══ Collected data

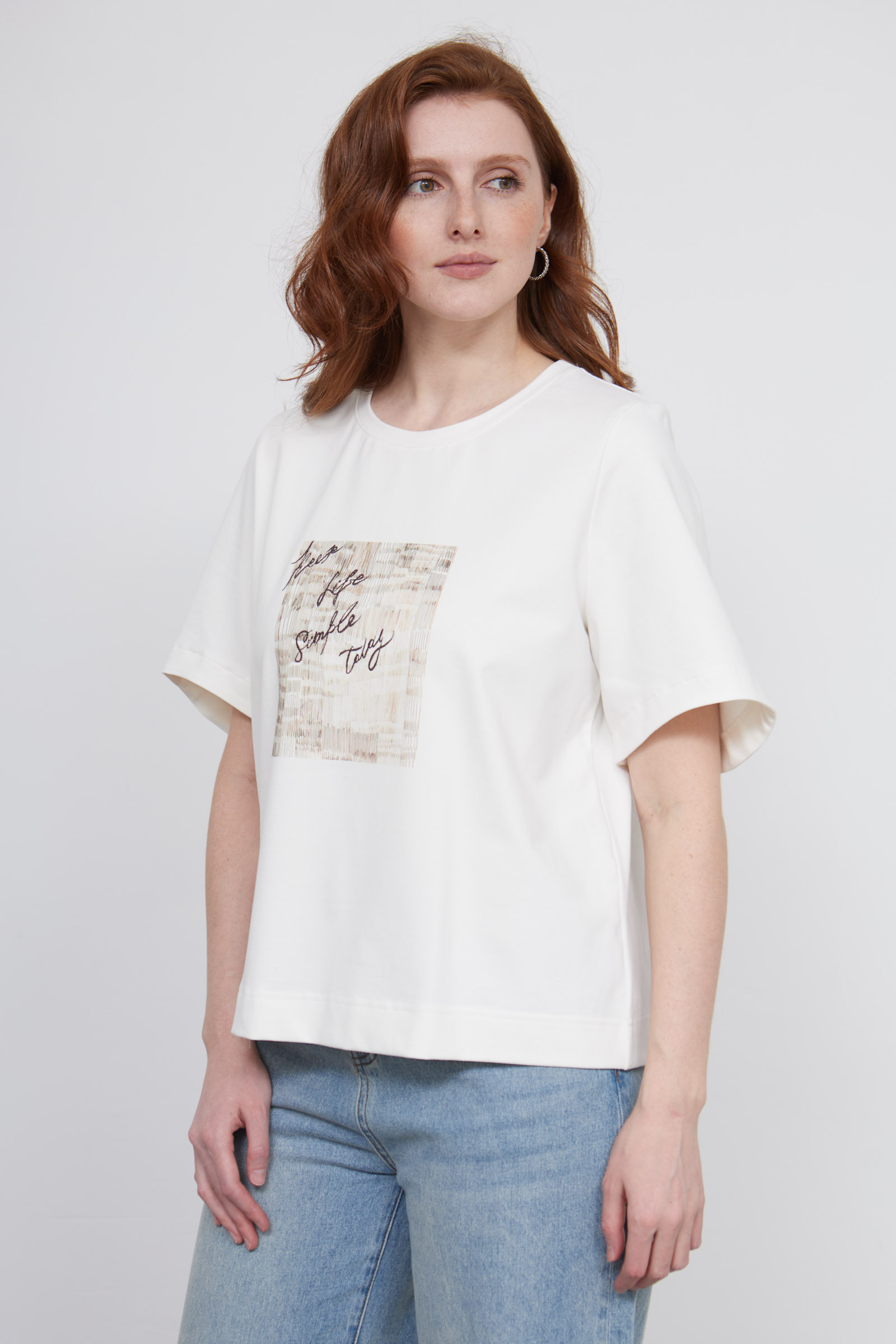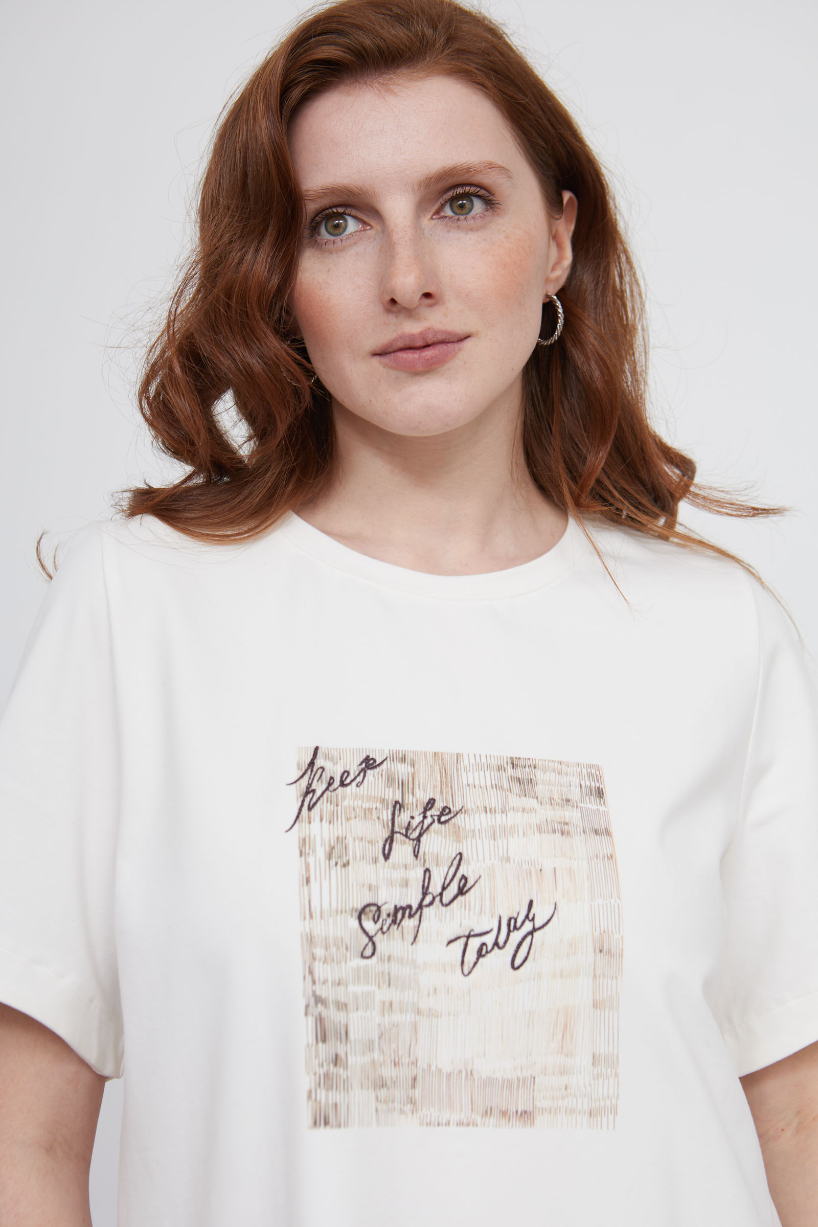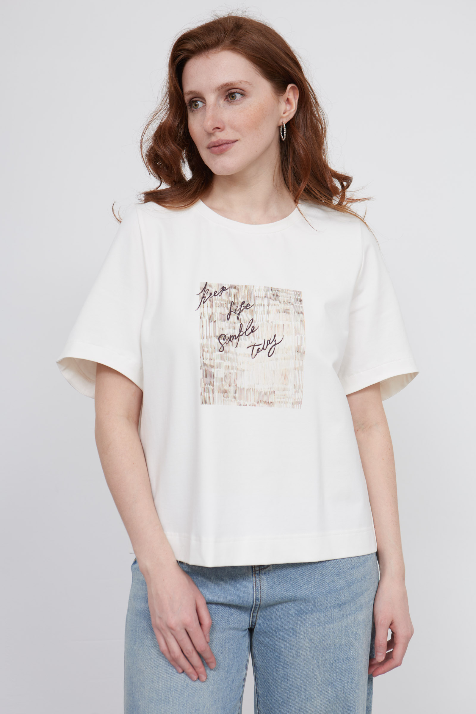 Футболка оверсайз из премиум хлопка с пич-эффектом, печатным принтом и вышивкой.
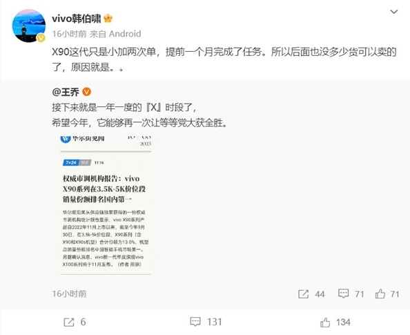 vivo韓伯嘯表示,vivo X90系列這代加了兩次單,但還是提前一個月完成了銷售任務,后面沒有多少貨可以賣了?! ?/p>
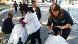 Un grupo de guatemaltecas que estudian para cultoras de belleza cortaron el cabello gratis a personas que viven en las calles de Quetzaltenango.
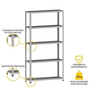 - Possui 5 prateleiras em chapa de aço 26 sem reforço com colunas resistentes confeccionadas em chapa de aço 18

════

Your reply should consist solely of the lines from the line containing "vivo韓伯嘯表示,vivo X90系列這代加了兩次單,但還是提前一個月完成了銷售任務,后面沒有多少貨可以賣了?! ?/p>" through the last line of the listing, unchanged and free of pictures.

* _Response area_:
 vivo韓伯嘯表示,vivo X90系列這代加了兩次單,但還是提前一個月完成了銷售任務,后面沒有多少貨可以賣了?! ?/p>
 Un grupo de guatemaltecas que estudian para cultoras de belleza cortaron el cabello gratis a personas que viven en las calles de Quetzaltenango.
 - Possui 5 prateleiras em chapa de aço 26 sem reforço com colunas resistentes confeccionadas em chapa de aço 18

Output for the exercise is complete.